Après avoir modifié les caractéristiques des pneus et changé de fournisseur, Bugatti revient au Grand Prix de San Sebastian, qui s’avère bien plus concluant avec la seconde place et le meilleur tour obtenus par Costantini. Une fois ces premières difficultés surmontées, la Type 35 est rapidement devenue une championne de course inégalée et plus rien ne pouvait arrêter Bugatti sur sa lancée. La première grande victoire est obtenue par Jules Goux en 1926 au grand prix de l’ACF, cette saison étant couronnée par le titre suprême de champion du monde des constructeurs.
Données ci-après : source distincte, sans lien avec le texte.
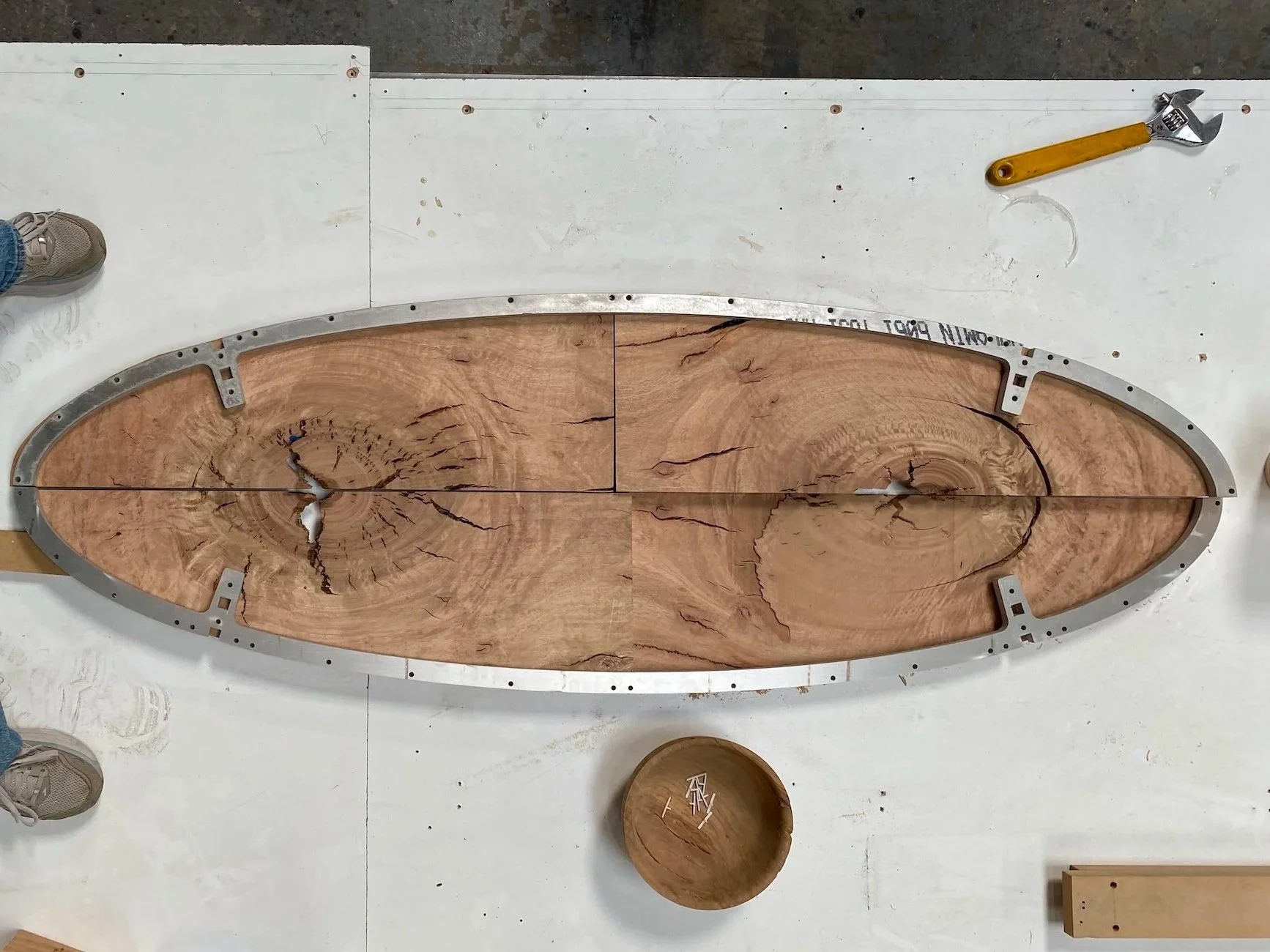 In Progress: Elliptical coffee table made with butterflied off-cuts from Eucalyptus slab

Jusqu’au début des années 30, la Type 35 et ses dérivés domine les grands prix, les courses de côté et autres épreuves, dont cinq victoires d’affilée à la Targa Florio, récoltant pas moins de 2500 victoires au cours de sa carrière, un record qui n’est pas près d’être battu ! Contrairement aux autres constructeurs qui privilégiaient les pilotes et équipes « usine », Bugatti était prêt à vendre une Type 35 à quiconque en avait les moyens, peu importe celui qui la faisait triompher !

La Bugatti Type 35 a été la première automobile au monde  spécialement pensée – dans son design et dans son ingénierie – pour le circuit. Contrairement à tout ce que le monde automobile connaissait auparavant, et bien qu’elle ait également fait ses preuves comme voiture de tourisme, il ne s’agissait pas simplement d’une voiture de route modifiée pour la course. L’approche méticuleuse adoptée par Ettore Bugatti dans la conception globale, et l’attention qu’il apportait à chaque détail, ont redéfini le monde de la course automobile en matière de design, de technique, de matériaux, de maniabilité et de performances. La Bugatti Type 35 a donné naissance à l’ère des véhicules de Grands Prix et obligé les autres constructeurs à revoir complètement leur stratégie. »

Luigi Galli, Spécialiste Héritage et Certification chez Bugatti

Des améliorations constantes

Année après année, la Type 35 reçoit des améliorations, qui touchent essentiellement au moteur. En 1926, la cylindrée est portée à 2 262 cm3 tandis que la course passe de 88 mm à 100 mm et le radiateur est élargi pour en améliorer l’efficacité, le tout poussant la puissance à 105 chevaux à 5 500 tr/min et la vitesse maximale d’environ 190 km/h.  Cette version prend la dénomination 35T après la victoire à la Targa Florio. Dévoilée en 1927, la Bugatti Type 35C est pour beaucoup la plus performante. Le moteur reçoit un compresseur à lobes de type Roots dessiné par l’ingénieur italien Edmund Moglia qui porte sa puissance à 120 ch pour un régime moteur de 5 500 tr/min.  Lancée également en 1927, la Type 35B associe le compresseur Roots de la Type 35C « au moteur 8 cylindres de 2 262 cm3 de la Type 35T. Disposant du moteur de la plus forte cylindrée, suralimenté de surcroît, la Type 35B est par conséquent la déclinaison la plus puissante du modèle : 140 chevaux atteints à 5 500 tr/min ; elle est également plus coupleuse.

Ce véhicule emblématique est également un succès commercial. Ses victoires lors des week-ends de course permettent à Bugatti de vendre la Type 35 à des clients impressionnés par ses exploits. Plus de 600 exemplaires sont ainsi produits entre 1924 et 1931. En 1931, la Type 35 cède sa place à la Type 51, mais Bugatti va de nouvau subir la loi d’Alfa Romeo, qui étrenne une redoutable P3 bien plus puissante, puis celle des machines allemandes, largement subventionnées par le Reich.